San Francisco is one of the planet's priciest real estate markets, which makes Diamond something of an outlier; the city's manufacturing base has been shrinking for decades. And she acknowledges that inertia is perhaps the main reason she hasn't moved to another, less costly venue.
"It's expensive here, but I have gigantic machinery in my factory, and moving everything would be overwhelming," she says. "Besides, I love San Francisco. I lived in Los Angeles when I first came to California, and I really didn't like it. But when I visited San Francisco and saw how beautiful it was -- the city, the Golden Gate, the green hills of Marin County on the other side of the bridge -- I just fell in love with it all. And my staff is like my family. They're an incredibly diverse and creative group of people, and many of them have been with the company for years. So when all is said and done, this is my home. I can't see living and working anywhere else."

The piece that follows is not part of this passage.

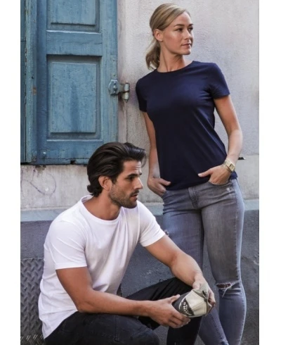 Weight: 160 gsm (White: 155 gsm); Composition: 100% Cotton (Organic), combed and ring-spun (Light Oxford: 97% Cotton, 3% Viscose); Single Jersey, Smooth surface for best print results, Narrow collar band with Elastane, Shoulder-to-shoulder tape, Labelfree, Side seams, Contemporary shaped fit; Certificates: OEKO-TEX® STANDARD 100, GOTS - Global Organic Textile Standard, WRAP

Challenges: "We've had some serious supply chain issues during the pandemic," says Diamond. "I import materials from all over the world -- things like natural latex, coconut husks, cashmere, horsehair, hemp cordage. It all has to come in by ship, and the price of fright has tripled over the past year. Plus, what used to take six weeks to receive now takes 90 days. Shipping is basically a nightmare. Everybody's scrambling for ships, and there simply aren't enough of them to keep up with demand."
Opportunities: "To a large degree we make our own opportunities," Diamond says. "I always try to have something new up my sleeve. I'm a vertical retailer. I make my products and I sell them at the other end. That gives me some leeway, so I don't have to raise prices on my customers to maintain a reasonable profit. Not only does that ensure customer loyalty -- I think everyone should be able to afford safe, natural products. I'm also working with the hospitality business to develop a line of antimicrobial furniture, mattresses, and toppers from cotton impregnated with copper ions via a process developed in Israel. We think there's tremendous potential for us there."
Needs" "I can always use new types of materials and new sources," says Diamond. "For example, right now I'm looking into a company in Mexico that's making latex from cactus. And I'm investigating another company developing Tencel [a textile known for its softness] from wood pulp. If it's natural, sustainable, non-toxic, new and different, I'm interested in it."